Early this week I had a breakdown in my usual upbeat attitude about my position in life. I entertained the question, “What have I to show for my life?” I couldn’t identify what I would consider a ‘successful’ accounting for my professional life. I took a wide open psychological body blow. It knocked the wind out of my sails and I was temporarily stuck. Luckily, I have enough experience under my belt to recognize it for what it was – an intrusion. But I admit, it did set me back for a day or so. Fortunately I have a wonderful, loving, and brilliant wife to help me steer the ship back to safe waters before I drifted into the wasteland of doubt and self-pity.

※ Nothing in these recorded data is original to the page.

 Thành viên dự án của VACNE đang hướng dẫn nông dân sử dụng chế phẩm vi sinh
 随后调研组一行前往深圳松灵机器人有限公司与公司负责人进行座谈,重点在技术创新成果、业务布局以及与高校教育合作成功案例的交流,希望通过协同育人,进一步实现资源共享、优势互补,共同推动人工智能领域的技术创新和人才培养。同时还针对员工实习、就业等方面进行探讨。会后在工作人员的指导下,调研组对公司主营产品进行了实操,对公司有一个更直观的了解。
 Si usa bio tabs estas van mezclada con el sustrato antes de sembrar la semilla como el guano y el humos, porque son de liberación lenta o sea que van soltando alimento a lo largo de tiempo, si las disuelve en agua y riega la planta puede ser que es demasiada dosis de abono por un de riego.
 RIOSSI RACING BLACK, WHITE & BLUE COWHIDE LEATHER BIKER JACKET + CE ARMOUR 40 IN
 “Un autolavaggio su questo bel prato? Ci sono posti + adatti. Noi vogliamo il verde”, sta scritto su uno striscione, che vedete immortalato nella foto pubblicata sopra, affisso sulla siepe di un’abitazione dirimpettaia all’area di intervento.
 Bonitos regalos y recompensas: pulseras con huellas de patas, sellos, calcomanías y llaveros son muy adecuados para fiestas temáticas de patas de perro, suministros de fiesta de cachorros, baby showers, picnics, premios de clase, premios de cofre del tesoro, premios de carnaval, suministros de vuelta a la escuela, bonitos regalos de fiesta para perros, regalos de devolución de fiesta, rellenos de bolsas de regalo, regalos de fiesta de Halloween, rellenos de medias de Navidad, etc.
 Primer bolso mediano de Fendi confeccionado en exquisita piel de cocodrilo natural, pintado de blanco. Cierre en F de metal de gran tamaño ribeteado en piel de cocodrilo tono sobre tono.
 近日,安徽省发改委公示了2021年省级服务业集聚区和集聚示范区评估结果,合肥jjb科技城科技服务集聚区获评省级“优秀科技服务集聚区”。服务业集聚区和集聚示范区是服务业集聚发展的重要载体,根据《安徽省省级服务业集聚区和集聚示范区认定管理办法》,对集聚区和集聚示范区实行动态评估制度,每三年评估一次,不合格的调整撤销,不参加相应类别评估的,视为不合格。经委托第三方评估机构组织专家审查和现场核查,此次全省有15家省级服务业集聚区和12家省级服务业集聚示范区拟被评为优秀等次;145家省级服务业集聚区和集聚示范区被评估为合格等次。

Why do I tell you this? Because I learned something from my 2-day detour and want to pass it on to you. If I summed it up in a single word it would be GRATITUDE.
Here are six short principles born out of my excursion:
First, identify your wins
When in a funk it is hard to see anything else but the putrid cloud surrounding you. But you need to practice some self-awareness and discipline in these moments and identify wins. It could be anything. Your kind word to co-worker. Your well received sales presentation. Your landing of the big client last month. Anything that is a win – write it down. You may need help, depending on the fog, but identify something on which you can hang your hat. Don’t invite doubt in for tea. It clutters your thinking, delays rightful actions, and wastes your time. Respond in the opposite – remind yourself with what is true. Nothing begins to break up the clutter like a little clarity.
When in a shroud of doubt, the world is out to get you. No it isn’t. You are just feeling vulnerable. Don’t worry; EVERYONE feels at some point what you are feeling now. My wife helped me here. She helped me see again, something I already knew – not all of my successes are presented in shiny lights (my words not hers). When it comes down to it all my professional success will come down to how I treat people. My professional attainment is not what ultimately matters – people matter. Strive for healthy relationships and let ‘success’ be the by-product, not the prime-product!
Do not doubt your life choices
We are who we are because of our choices, not our circumstances. We don’t always make good choices. Welcome to humanity. But, we can recognize bad choices and learn from them. Stop asking the “What if?” There is not a way to determine a viable answer to that question. You will never get that back. Move on. We make choices every day based on the information and knowledge have at that time. It is time to ask new questions. Instead of “What if?” ask “What can be?” Past failures are the bedrock for future success.
Your ‘Then’ is not your ‘Now’
We all have checkered pasts. We all have areas of our life we would like to erase. So what? Who we are right now is a culmination of all the past experiences. When I was 19 I accepted a summer internship working with Jr. High students. Looking back, I would not hire me at 19 yrs. old. I was immature, insecure, and much less experienced than I thought I was. But I learned incredibly valuable lessons from that experience. Lessons on which I still draw (it is a really deep well). But that is why we live. We experience life as it comes and let if form us into who we want to be. In the words of John Maxwell, if you fail – fail forward.
Your worst critic is YOU
How you see yourself, is not what others see. At least, that is more or less true. Give yourself a break. You will never be able to keep the balancing act to stay atop of the pedestal on which you place yourself. If you make a mistake, own it. Ask yourself why you made that choice. Learn how to correct it. Do so. Move on.
Confession is good for the soul
A funk of self-doubt is debilitating. Stop trying to go it alone. Your arrogance and pride will only make it worse. Find someone you trust and let them in (for me it was my wife). A trusted friend is worth much more than their weight in gold. They help you get clarity. They help you identify your wins. They help you get off the sandbars and launch you back into deep waters. Remember “He who walks with the wise grows wise.”
How have you overcome the dreaded “What if?” and learned gratitude? Let me know.